Since joining Tiffany & Co. in February 2017, Krakoff has had a lot on his to-do list. The man credited with sending Coach’s revenue soaring tenfold to US$5 billion was brought in to boost Tiffany & Co.’s fortunes and refresh its image. The brand has gone from reporting a drop in comparable sales last May to posting 7-percent growth in first fiscal quarter same-store sales after 12 months. Krakoff is clearly onto something. Credit has been attributed in part to the witty Home & Accessories collection. And to capitalise on the momentum, the brand launched a jewellery design and innovation workshop in Manhattan in April to speed up the rollout of products.

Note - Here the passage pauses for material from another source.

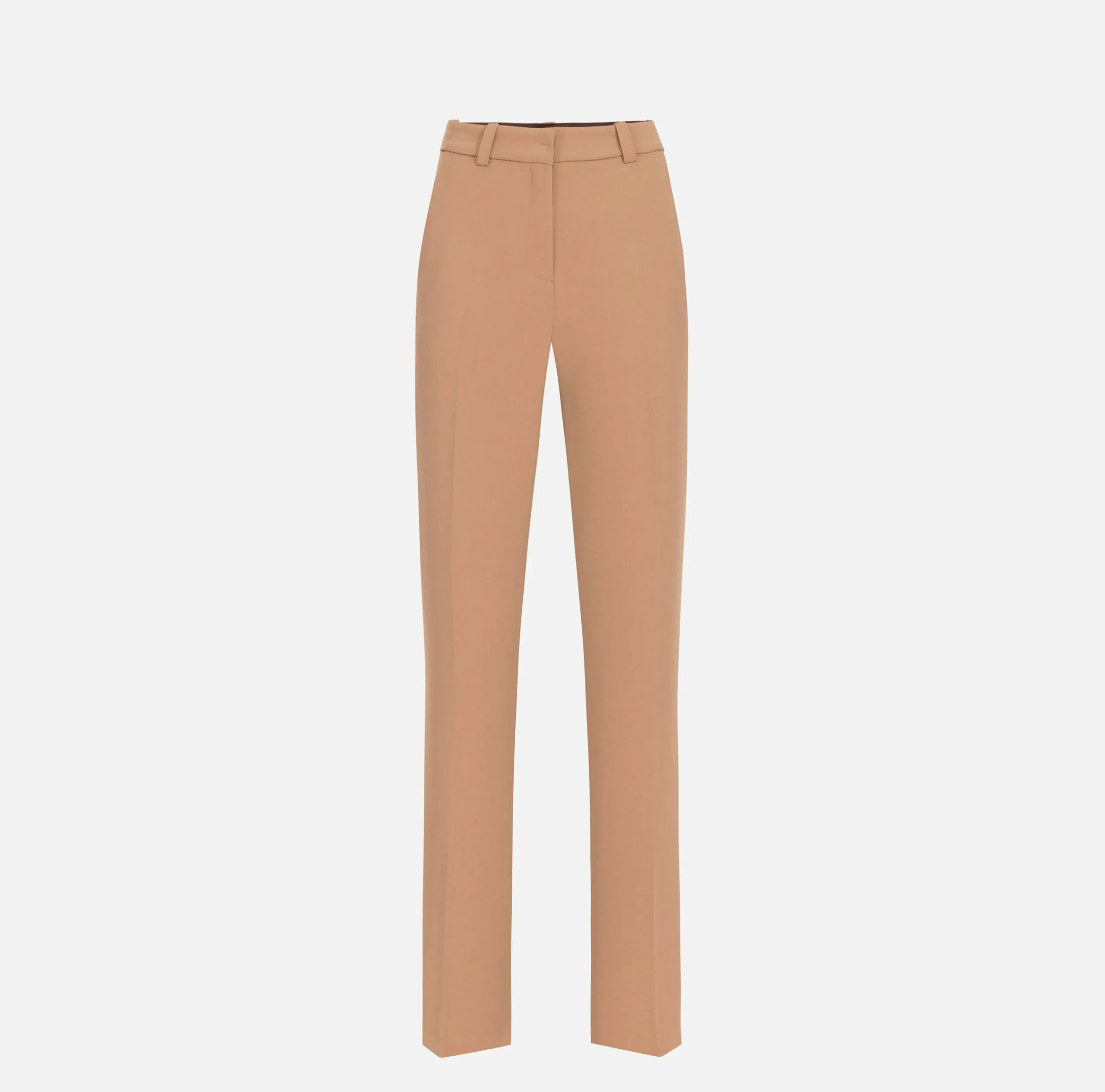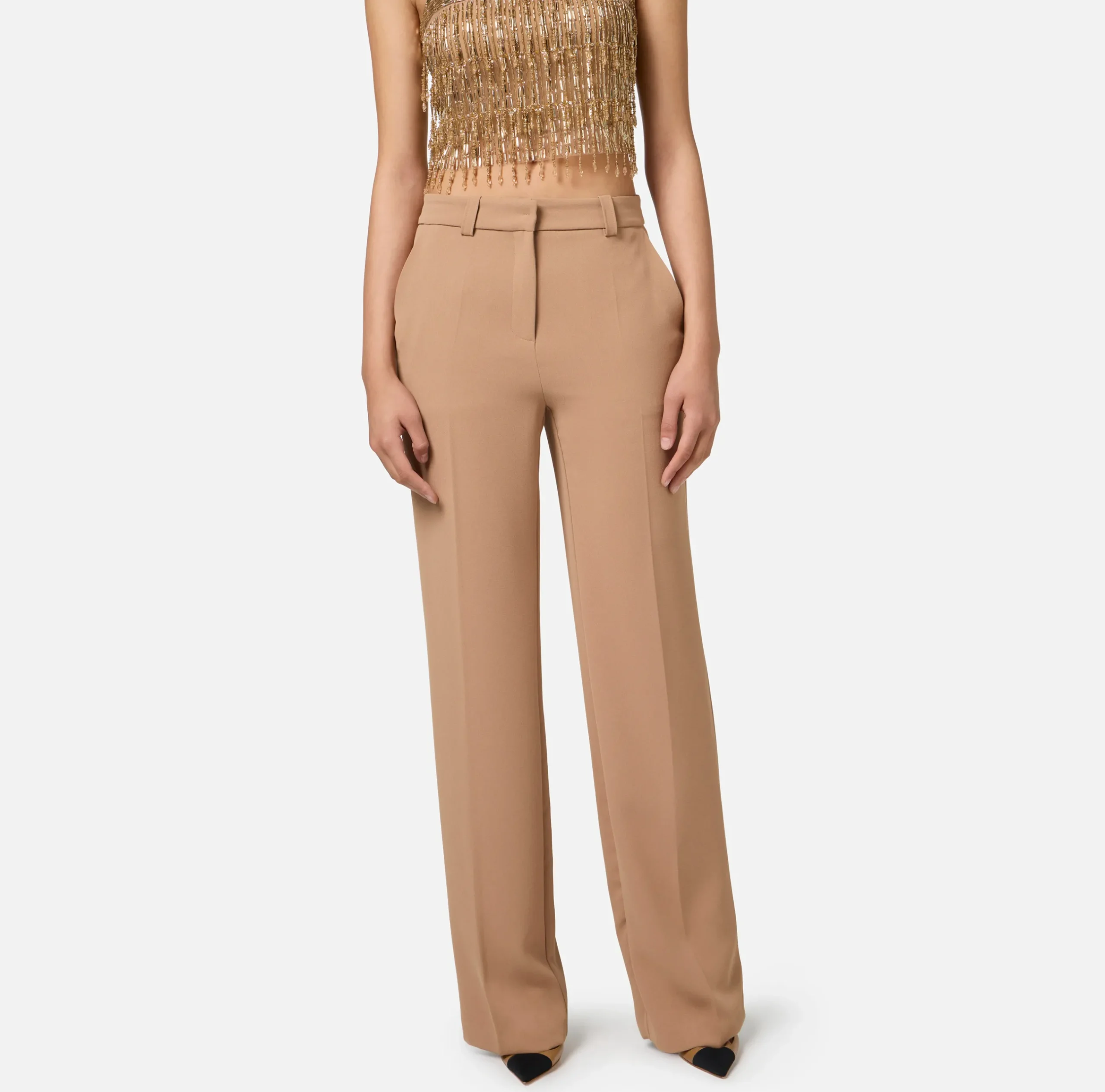 Pantaloni E Shorts|Elisabetta Franchi Pantalone dritto in crêpe con ricamo stemma Camel
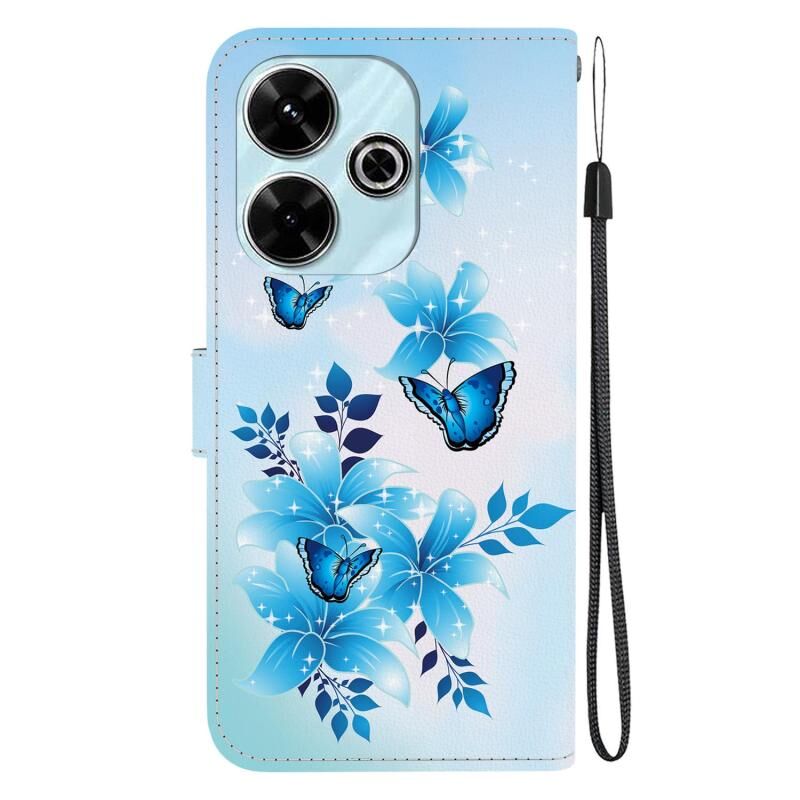 Θήκη τηλεφώνου από δέρμα με πολύχρωμη σχεδίαση κρυστάλλινης υφής για Redmi 13 4G / Poco M6 (Λευκά φτερά πεταλούδας)

In swapping Givenchy’s black evening gown for a Tiffany Blue hoodie (which Fanning donned in the ad campaign) and running an uber-Instagrammable launch party for Paper Flowers, has the brand distanced itself from longtime fans more accustomed to its image of classic American polish, elegance and modernity? “I think that’s always the question,” Krakoff muses aloud. “The reality is, brands have to evolve, always.”
“There will always be someone who might want something a brand used to do. But my job is to make the future and the new chapter so exciting, that people who may be more [traditional-minded] are excited to take a step forward.”